### DATASET CONTENT

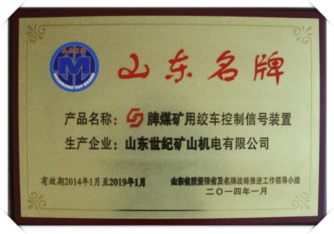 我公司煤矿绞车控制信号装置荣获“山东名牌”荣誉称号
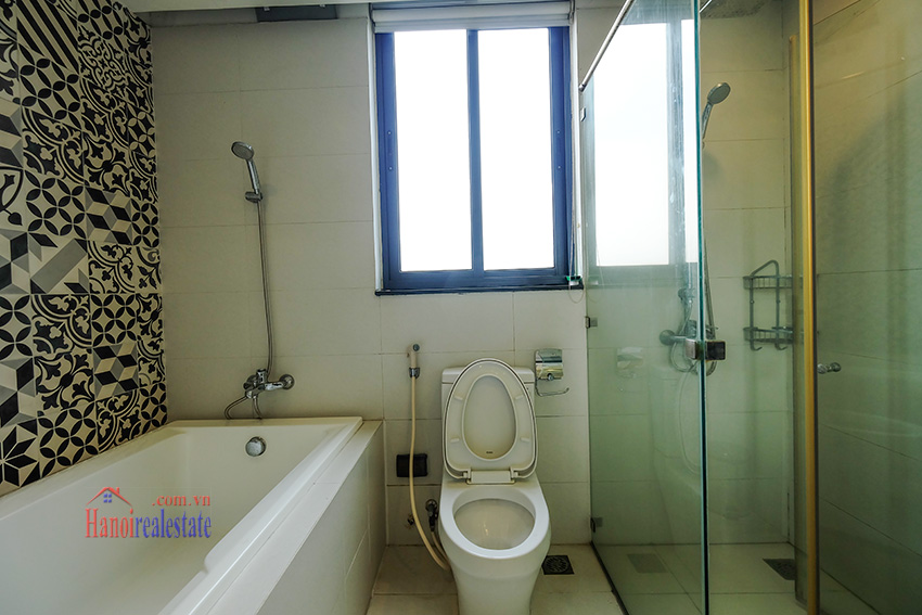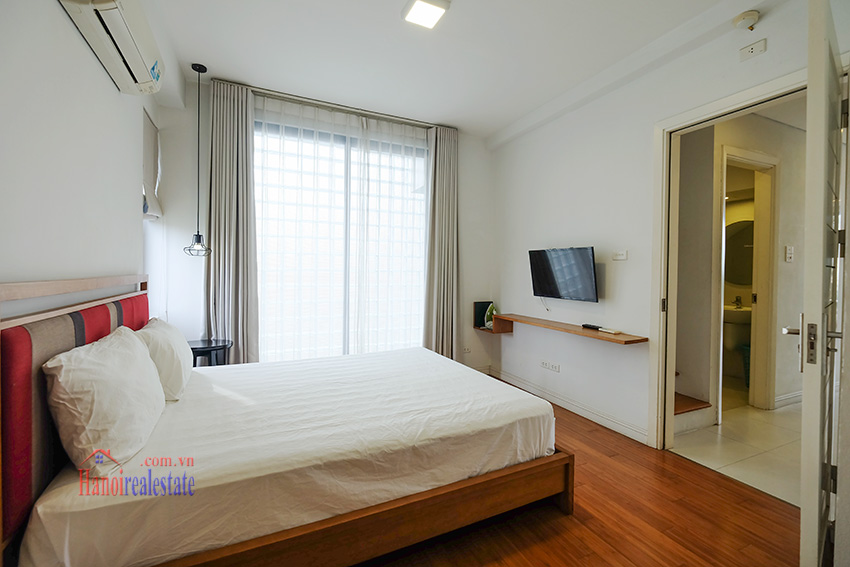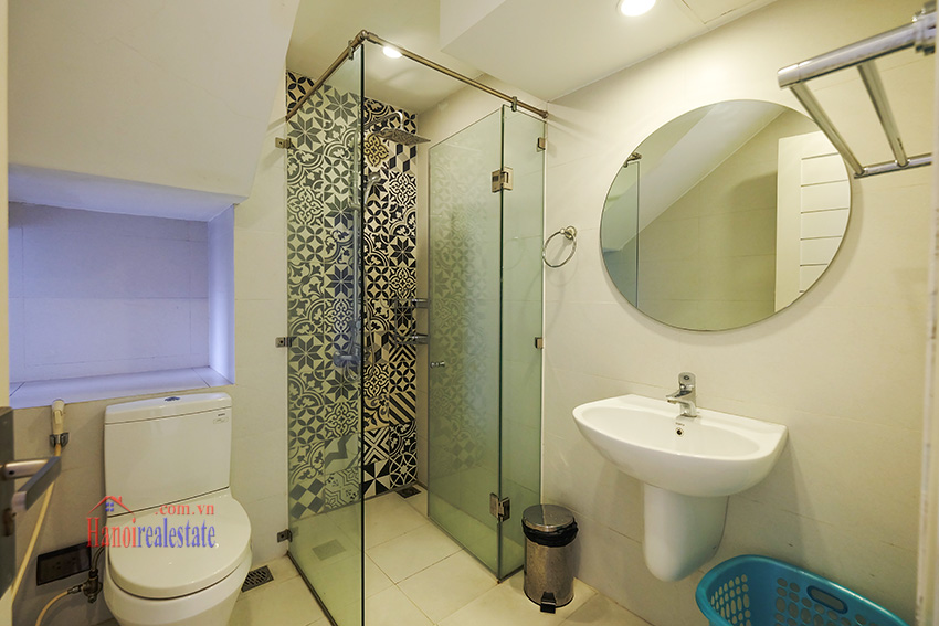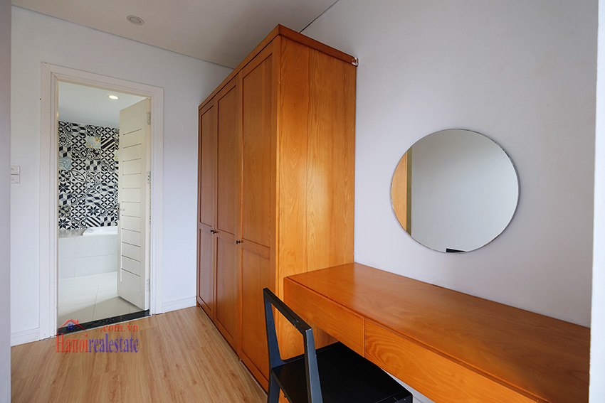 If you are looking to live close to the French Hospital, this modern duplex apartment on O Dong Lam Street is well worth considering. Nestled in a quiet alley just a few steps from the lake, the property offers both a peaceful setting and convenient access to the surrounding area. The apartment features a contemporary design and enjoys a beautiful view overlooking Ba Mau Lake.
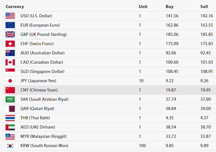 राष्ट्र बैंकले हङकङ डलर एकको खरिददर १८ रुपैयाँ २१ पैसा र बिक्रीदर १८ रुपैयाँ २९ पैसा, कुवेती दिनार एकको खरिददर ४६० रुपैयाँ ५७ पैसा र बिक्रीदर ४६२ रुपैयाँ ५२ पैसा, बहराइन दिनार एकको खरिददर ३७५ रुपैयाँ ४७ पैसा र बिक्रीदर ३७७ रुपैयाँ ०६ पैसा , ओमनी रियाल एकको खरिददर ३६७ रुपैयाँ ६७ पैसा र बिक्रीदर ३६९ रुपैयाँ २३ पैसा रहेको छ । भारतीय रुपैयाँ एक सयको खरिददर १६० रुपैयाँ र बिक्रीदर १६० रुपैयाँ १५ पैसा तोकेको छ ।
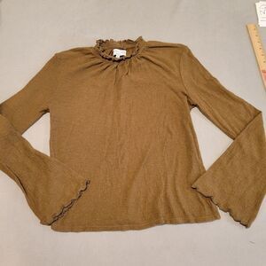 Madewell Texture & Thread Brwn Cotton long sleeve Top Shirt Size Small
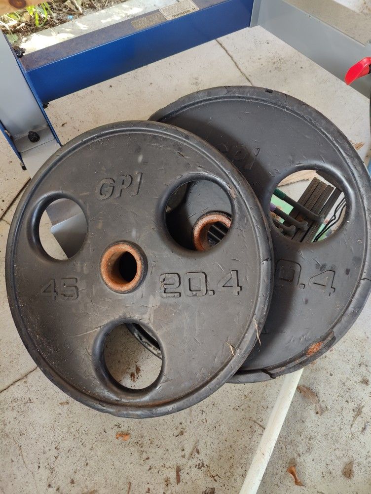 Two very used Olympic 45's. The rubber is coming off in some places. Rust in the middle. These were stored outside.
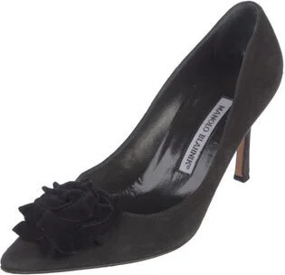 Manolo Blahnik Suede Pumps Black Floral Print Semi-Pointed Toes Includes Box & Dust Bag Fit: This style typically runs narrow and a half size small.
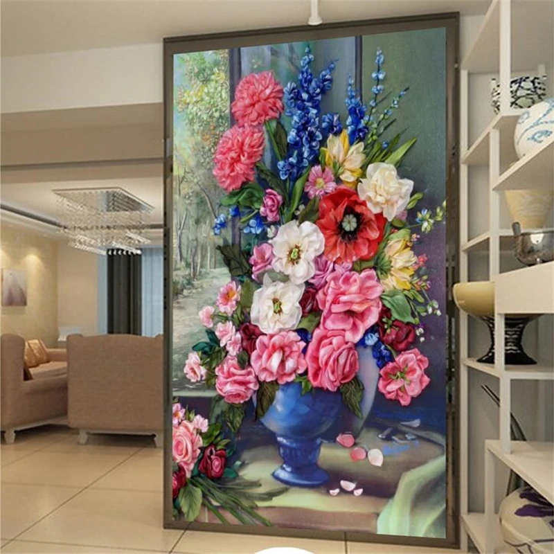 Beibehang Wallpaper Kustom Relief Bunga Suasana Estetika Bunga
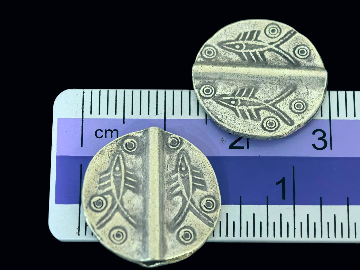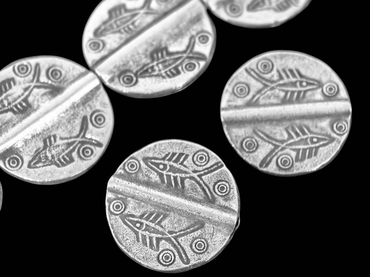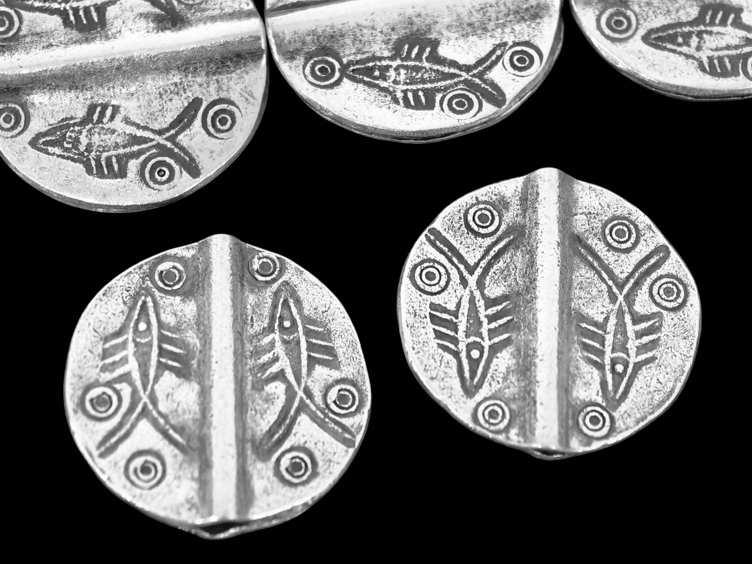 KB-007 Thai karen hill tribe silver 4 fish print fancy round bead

* * *

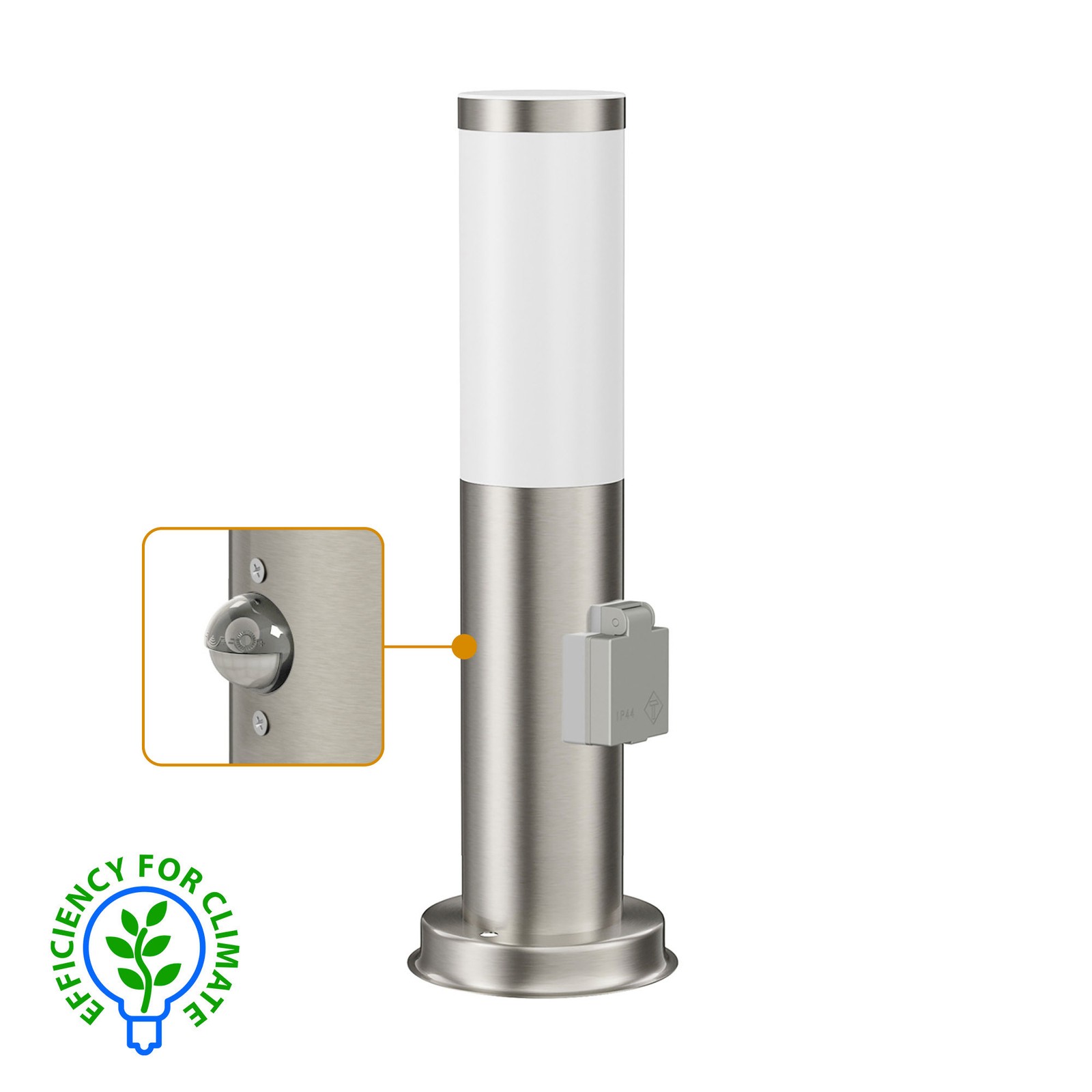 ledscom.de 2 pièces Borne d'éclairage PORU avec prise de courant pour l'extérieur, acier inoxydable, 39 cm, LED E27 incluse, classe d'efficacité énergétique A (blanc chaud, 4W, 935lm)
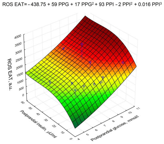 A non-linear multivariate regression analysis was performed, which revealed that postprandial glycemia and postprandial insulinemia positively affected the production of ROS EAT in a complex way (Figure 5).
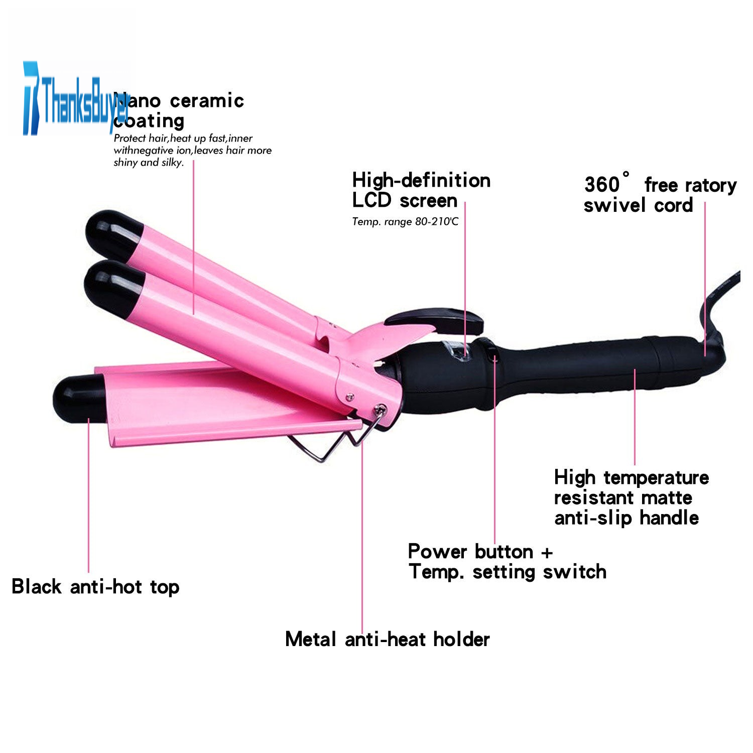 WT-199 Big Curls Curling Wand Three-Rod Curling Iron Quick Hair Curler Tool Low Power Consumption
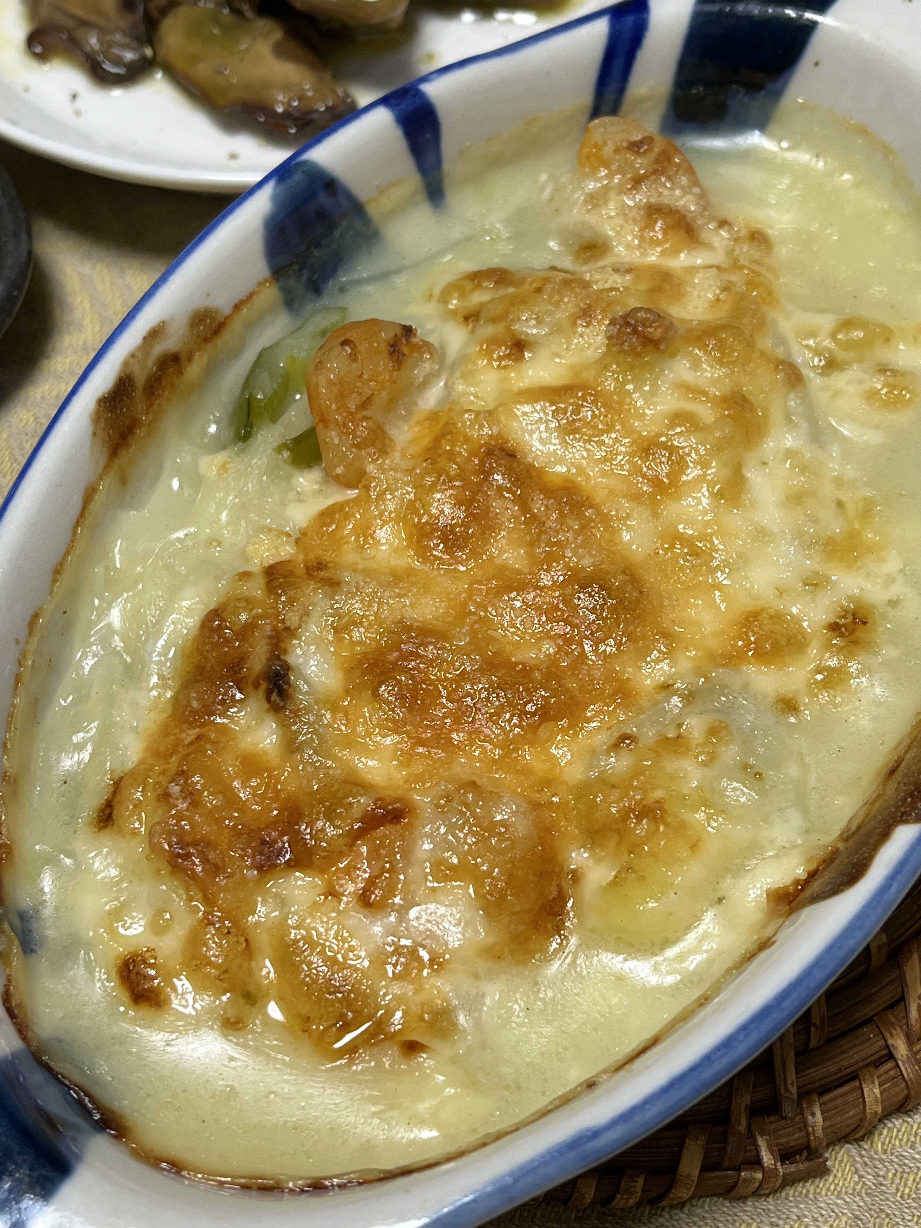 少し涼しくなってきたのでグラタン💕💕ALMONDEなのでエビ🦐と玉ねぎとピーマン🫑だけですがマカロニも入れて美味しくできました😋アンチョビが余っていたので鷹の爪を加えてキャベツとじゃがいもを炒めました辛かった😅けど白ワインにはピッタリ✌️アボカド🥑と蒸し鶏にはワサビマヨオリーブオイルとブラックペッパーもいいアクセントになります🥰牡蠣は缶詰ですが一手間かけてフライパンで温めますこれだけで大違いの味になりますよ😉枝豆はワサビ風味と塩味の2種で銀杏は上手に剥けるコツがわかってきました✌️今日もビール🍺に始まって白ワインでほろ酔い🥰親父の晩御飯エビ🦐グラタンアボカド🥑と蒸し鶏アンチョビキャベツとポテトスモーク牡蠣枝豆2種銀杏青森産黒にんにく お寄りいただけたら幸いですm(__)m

* * *

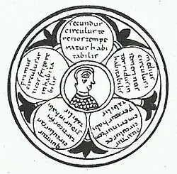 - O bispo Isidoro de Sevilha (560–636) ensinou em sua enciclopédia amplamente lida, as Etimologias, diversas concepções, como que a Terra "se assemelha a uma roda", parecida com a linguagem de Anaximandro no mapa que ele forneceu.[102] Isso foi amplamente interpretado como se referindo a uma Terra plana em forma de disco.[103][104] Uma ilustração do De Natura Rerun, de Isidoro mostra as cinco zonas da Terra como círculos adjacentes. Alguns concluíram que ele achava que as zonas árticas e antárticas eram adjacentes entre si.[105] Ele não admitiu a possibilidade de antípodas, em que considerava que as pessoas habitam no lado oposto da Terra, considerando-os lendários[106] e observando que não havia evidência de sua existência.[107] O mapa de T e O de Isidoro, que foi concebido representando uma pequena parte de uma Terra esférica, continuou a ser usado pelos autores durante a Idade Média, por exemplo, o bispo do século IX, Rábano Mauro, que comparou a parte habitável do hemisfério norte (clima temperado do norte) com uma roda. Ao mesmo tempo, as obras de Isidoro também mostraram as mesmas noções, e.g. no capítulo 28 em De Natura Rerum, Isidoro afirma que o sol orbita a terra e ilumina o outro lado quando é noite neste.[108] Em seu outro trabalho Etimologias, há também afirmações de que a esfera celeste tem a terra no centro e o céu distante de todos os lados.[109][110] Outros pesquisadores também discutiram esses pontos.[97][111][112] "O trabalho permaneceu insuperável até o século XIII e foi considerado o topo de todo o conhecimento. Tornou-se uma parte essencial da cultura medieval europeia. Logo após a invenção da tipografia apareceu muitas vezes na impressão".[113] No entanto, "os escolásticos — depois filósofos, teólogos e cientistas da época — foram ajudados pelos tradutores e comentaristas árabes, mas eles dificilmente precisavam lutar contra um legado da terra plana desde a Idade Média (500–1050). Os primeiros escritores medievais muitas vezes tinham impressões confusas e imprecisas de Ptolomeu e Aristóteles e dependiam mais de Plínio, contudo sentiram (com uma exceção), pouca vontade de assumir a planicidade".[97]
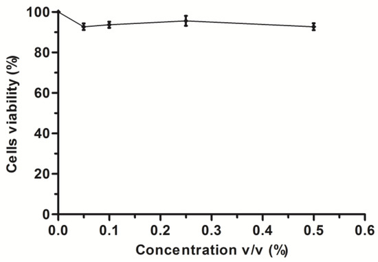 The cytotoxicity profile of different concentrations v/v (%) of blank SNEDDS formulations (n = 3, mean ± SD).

### BRIEF
Reproduce exactly the lines above starting at the line containing "राष्ट्र बैंकले हङकङ" and ending at the line containing "Manolo Blahnik Suede", including both, but not the pictures.

### TASK SOLUTION
 राष्ट्र बैंकले हङकङ डलर एकको खरिददर १८ रुपैयाँ २१ पैसा र बिक्रीदर १८ रुपैयाँ २९ पैसा, कुवेती दिनार एकको खरिददर ४६० रुपैयाँ ५७ पैसा र बिक्रीदर ४६२ रुपैयाँ ५२ पैसा, बहराइन दिनार एकको खरिददर ३७५ रुपैयाँ ४७ पैसा र बिक्रीदर ३७७ रुपैयाँ ०६ पैसा , ओमनी रियाल एकको खरिददर ३६७ रुपैयाँ ६७ पैसा र बिक्रीदर ३६९ रुपैयाँ २३ पैसा रहेको छ । भारतीय रुपैयाँ एक सयको खरिददर १६० रुपैयाँ र बिक्रीदर १६० रुपैयाँ १५ पैसा तोकेको छ ।
 Madewell Texture & Thread Brwn Cotton long sleeve Top Shirt Size Small
 Two very used Olympic 45's. The rubber is coming off in some places. Rust in the middle. These were stored outside.
 Manolo Blahnik Suede Pumps Black Floral Print Semi-Pointed Toes Includes Box & Dust Bag Fit: This style typically runs narrow and a half size small.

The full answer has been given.